The Employ category which tracks employment gains, losses and general sentiment was the leading Workforce Planning indicator for February but only just at 19-stories (22.9% +1.6%mom/+4.5%yoy). There was a 4210-jobs gain but a spike in jobs lost which sat at 1,994 which goes some way to explain a slightly higher negative sentiment (-4 or -1mom). As previously mentioned, Rio’s revised announcement of 2,200 new positions was the best employment gain for the month but a newly approved Venture Minerals proposal in an opened Tarkine could provide up to 1,000 positions in the depressed Tasmanian economy. UGL announced 1,000 positions will go globally with 700 to be cut from its Australian operations alone, while Bradken, a mining and rail manufacturer posted a $46.7-million half-yearly profit (up from $43-million the previous year) after cutting its staff by 500.

WH&S which tracks Work, Health and Safety incidents and initiatives came in as the second leading indicator for February with 16-stories (19.3%, -19%mom/-8.3%yoy).
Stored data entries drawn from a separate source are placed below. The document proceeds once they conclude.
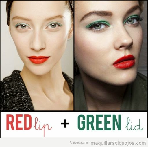 - MAQUILLAJE COMPLEMENTARIO: Aplicaríamos verde (y sus engamados) con su color complementario (y sus engamados). El complementario es aquel que hace que ambos colores se resalten al máximo el uno al otro, en el caso del verde serían los rojizos. Siempre lo encontraremos situado enfrente del elegido en el círculo cromático.
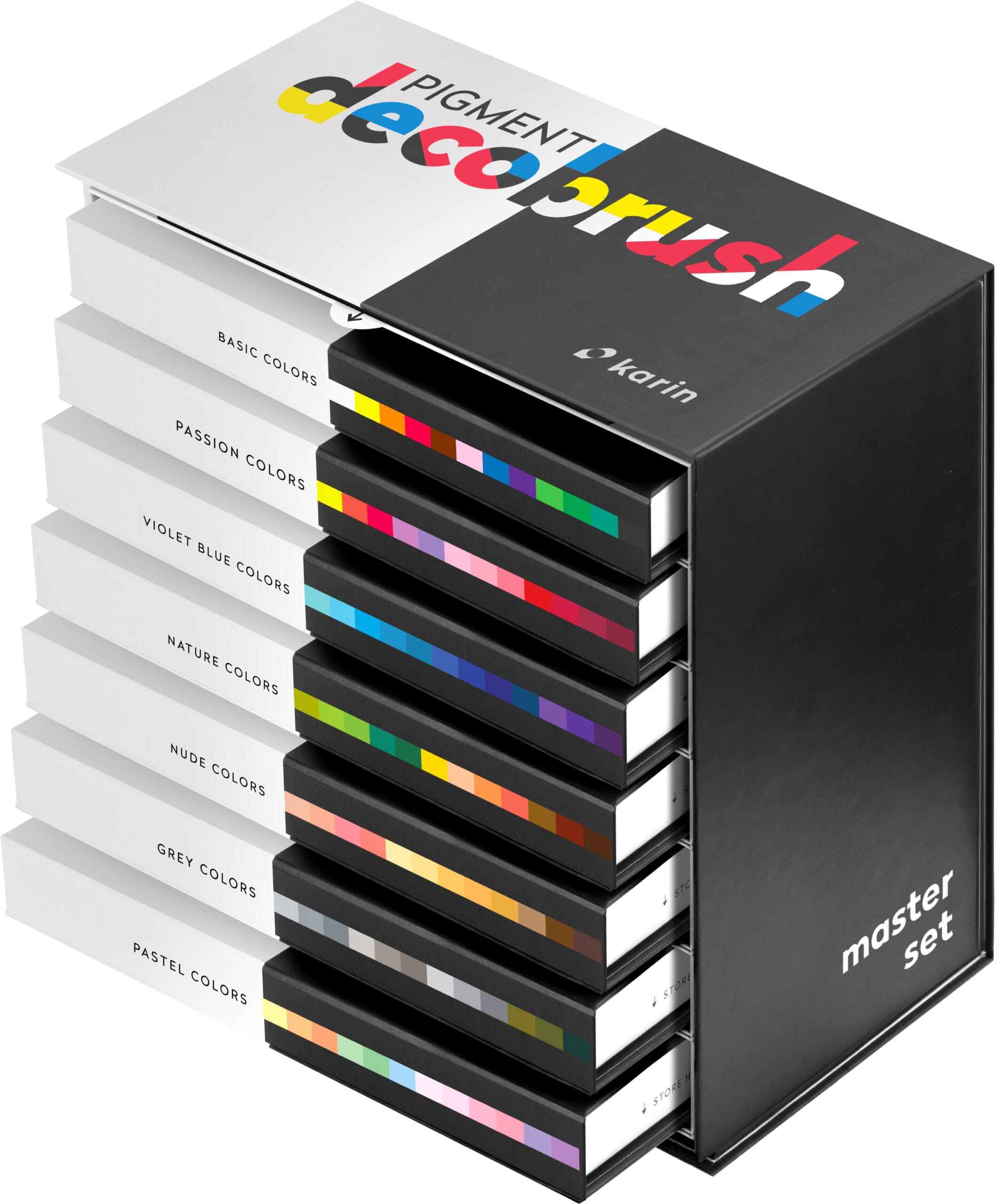 Das PIGMENT decobrush MASTER Set beinhaltet insgesamt 84 Pinselmarker aus verschiedenen Kollektionen: Basic, Passion, Violet-Blue, Nature, Nude, Grey und Pastel. Diese vielseitige Auswahl an Farben ermöglicht es dir, eine breite Palette an Projekten umzusetzen. Das Set wird in einem exklusiven Etui geliefert, das nicht nur die Marker schützt, sondern auch eine praktische Aufbewahrung und Transport ermöglicht.
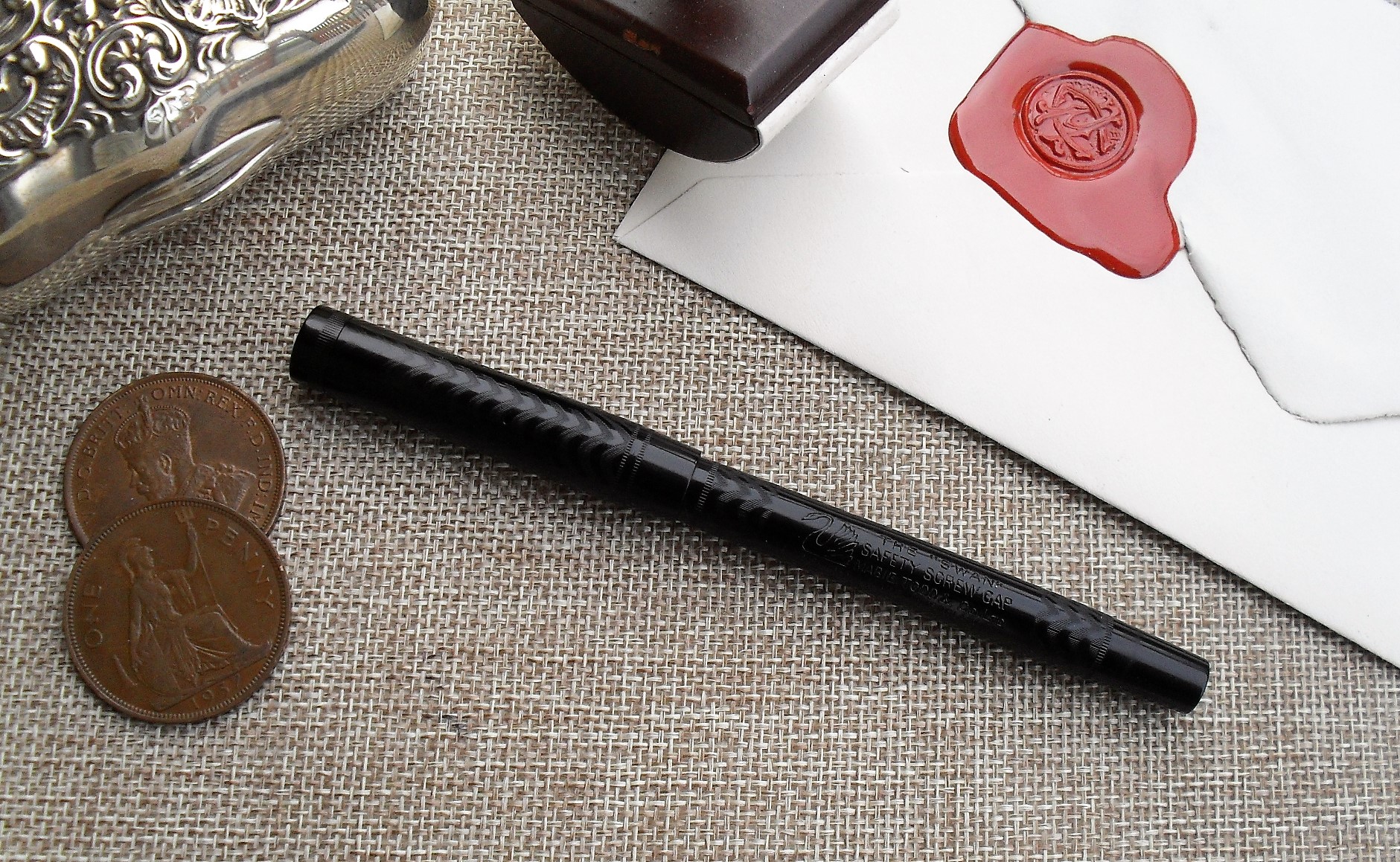 Siamo in piena “Belle Epoque” ed è proprio nel 1911 che Mabie Todd & Co. Ltd introduce, insieme al modello 300, la nuova stilografica Swan Safety Screw Cap. Si tratta di una penna in ebanite, con caricamento a contagocce (“eyedropper”) e pennino d’oro a 14 carati. Rimarrà in produzione, con tutta probabilità, almeno fino al 1920, quando il marchio britannico introdurrà la sua prima stilografica a levetta.

Only one Australian was reported injured when after a Mount Isa underground incident required an aero evacuation. Near misses and complaints of conditions ensured WH&S finished the month with a (-5) negative sentiment. One story that is worth reading and highlights the dangers of the sector is of the 4th mining related death in just a fortnight in West Virginia. (For the record, injuries or deaths that occur outside of Australia do not count toward the positive/negative index).

IR or Industrial Relations was the third leading indicator for February at 12-stories (14.5%, +8.1%mom/steady from 2012). Ongoing industrial disputes with Pacific National Coal, lockouts at BHP and a walkout at Hanson Quarry gave IR a (-6), the most negative index reading for February.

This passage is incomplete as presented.